Assignment:
Only the lines below between the one holding "Die Abdeckung unter" and the one holding "Los gallos generalmente", inclusive, are to be reproduced word for word; the pictures are to be left out.

Extracted information:
+++++

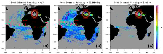 24]). Estimation of a DW amplitude requires computation of a day–night SST difference. The most common approaches have utilized initial determination of the foundation temperature (e.g., [
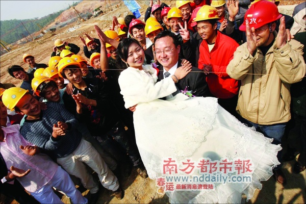 高輝和現(xiàn)在南山外國(guó)語(yǔ)學(xué)校擔(dān)任音樂老師的妻子黃莉琴都是江西人,本來已經(jīng)和家里人說好,今年春節(jié)回家鄉(xiāng)舉行兩人的婚禮,但是自從去年8月開始,高輝所有的節(jié)假日和雙休日都被工地上忙碌的工作占滿了。因?yàn)閷?shí)在抽不出時(shí)間回老家舉辦婚禮,在征得了妻子的理解和同意后,小兩口最后決定在大運(yùn)會(huì)施工現(xiàn)場(chǎng)舉行自己的婚禮。
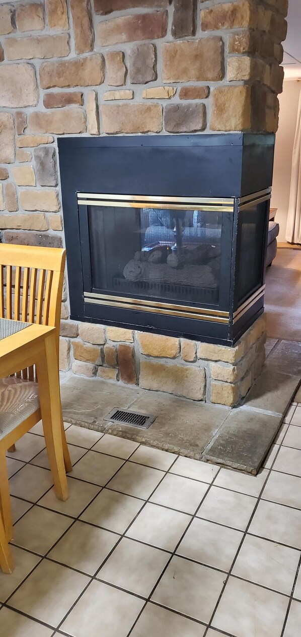 Enter the large sunroom with many windows to find a light and airy sitting area and casual dining spot. Also on this same level is a bright and cheerful bedroom with beautiful views of the four-acre forested setting. Step up to the next level and make yourself at home in the family room with beautiful views. An interesting three-sided fireplace with gas logs separates the living room from the eat-in kitchen. Watching your favorite show on the 50" LED TV, equipped with local channels and netflix, and DVD, or reading the latest issue of the local newspaper, "The Brown County Democrat" is a relaxing way to spend a lazy morning. Cooking in the fully equipped kitchen or outdoors on the charcoal grill will take care of one's hunger pains but remember how we said you're only 5 minutes from town? Here's a phrase we've found to work well when the spirit's willing but the flesh is weak: "Honey, please. Take the keys. Get pepperoni & extra cheese!"
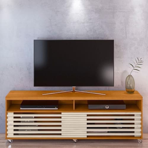 Feito para TVs até 65 polegadas, ele conta com 2 portas deslizantes e seus dois nichos trazem destaque aos seus aparelhos eletrônicos e objetos decorativos!
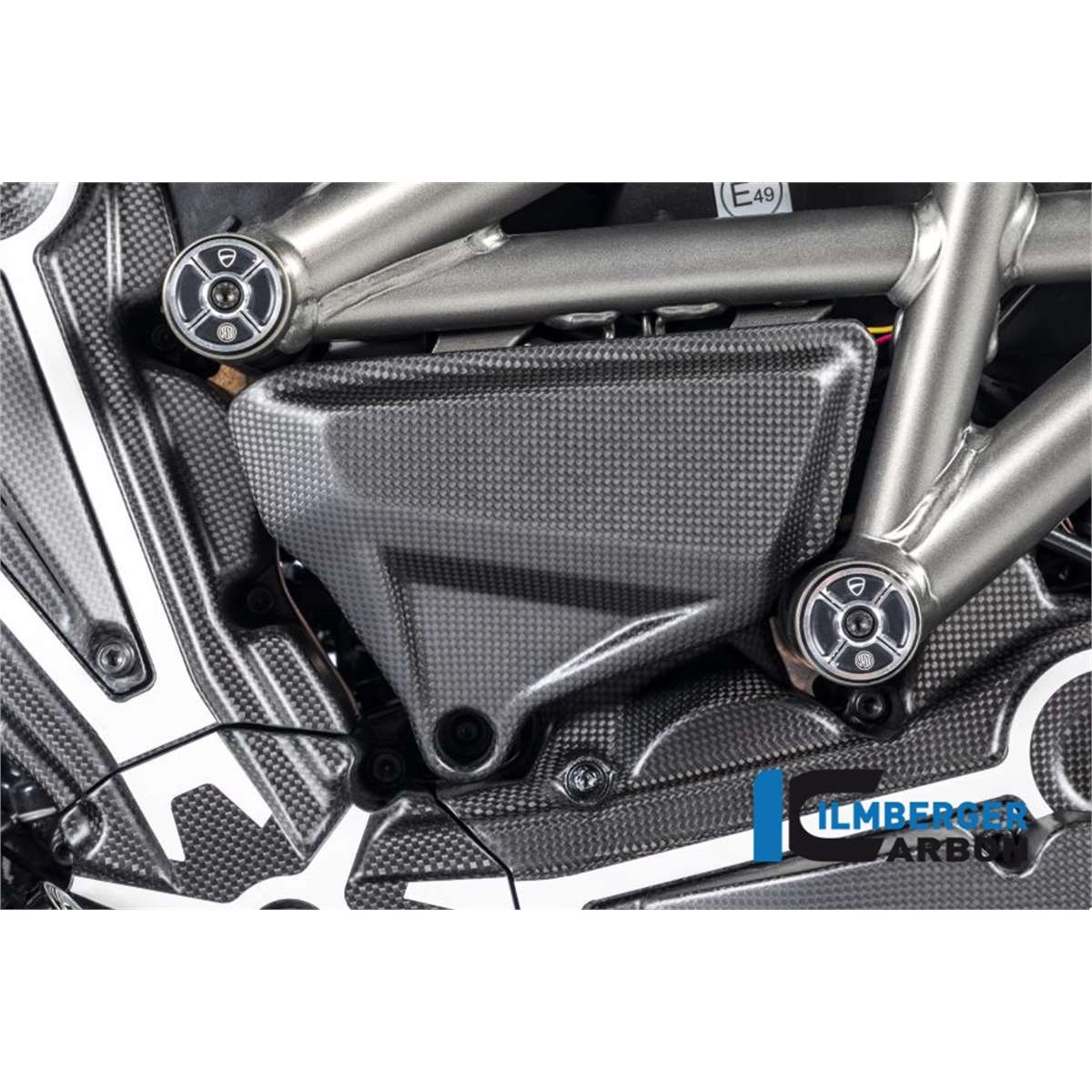 Die Abdeckung unter dem Rahmen in Carbon, matte Ausführung, für die Ducati XDiavel (ab Baujahr 2016), rechte Fahrzeugseite, ersetzt das originale Bauteil und wird an vorhandenen Haltepunkten am Fahrzeug aufgeschraubt.
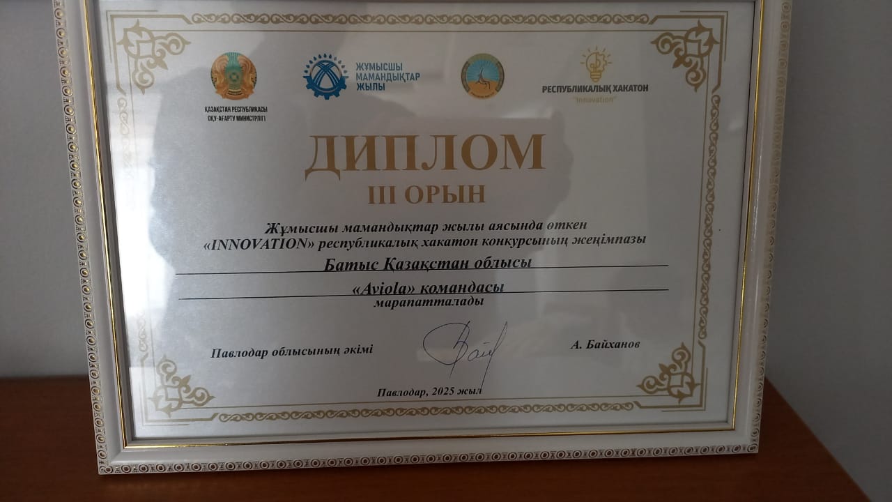 2024 жылдың 27–30 мамыр аралығында Алматы қаласында Жұмысшы мамандықтар жылы аясында өткен «Innovation» республикалық хакатон байқауында:
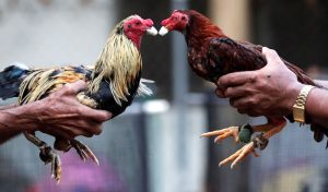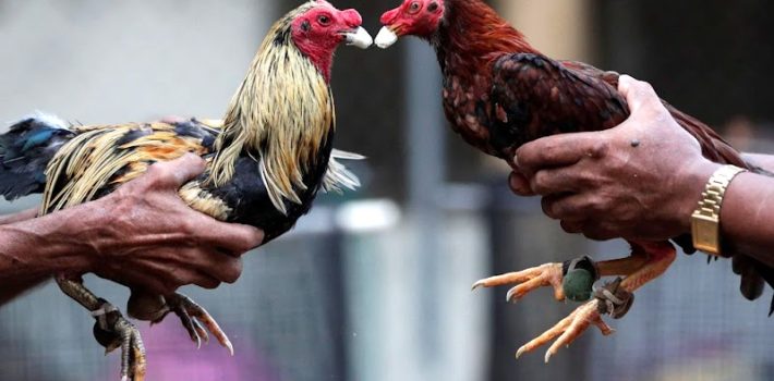 Los gallos generalmente están equipados con herramientas afiladas en sus patas y se ven obligados a luchar entre sí hasta que uno es asesinado o incapaz de continuar.
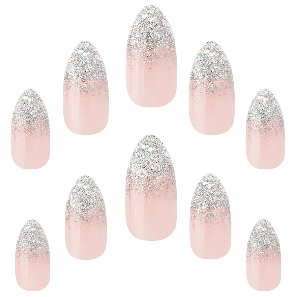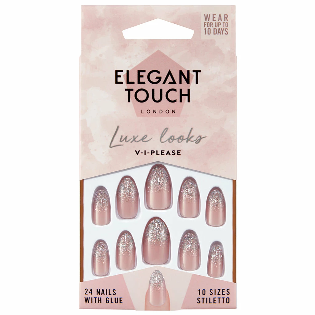 Elegant Touch Luxe Looks V-I-Please false nails are real head-turners! Demonstrate your VIP status to the world with these chic stiletto nails in a perfect nude with stunning glitter ombre tips. VIP?… yes please!
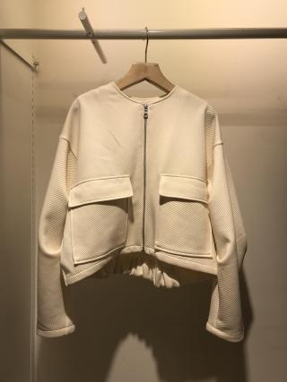 ・凹凸のある表面感がポイントの膨れジャカードを用いたジップアップブルゾン。
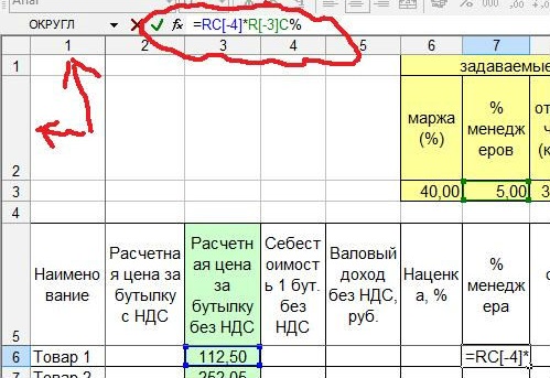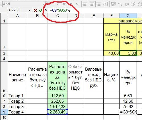 Значения, названные словами, мы рассчитаем с помощью абсолютных ссылок. Таким образом мы будем иметь возможность, рассчитав цену на один товар, скопировать формулу для других.

+++++

Response below:
 Die Abdeckung unter dem Rahmen in Carbon, matte Ausführung, für die Ducati XDiavel (ab Baujahr 2016), rechte Fahrzeugseite, ersetzt das originale Bauteil und wird an vorhandenen Haltepunkten am Fahrzeug aufgeschraubt.
 2024 жылдың 27–30 мамыр аралығында Алматы қаласында Жұмысшы мамандықтар жылы аясында өткен «Innovation» республикалық хакатон байқауында:
 Los gallos generalmente están equipados con herramientas afiladas en sus patas y se ven obligados a luchar entre sí hasta que uno es asesinado o incapaz de continuar.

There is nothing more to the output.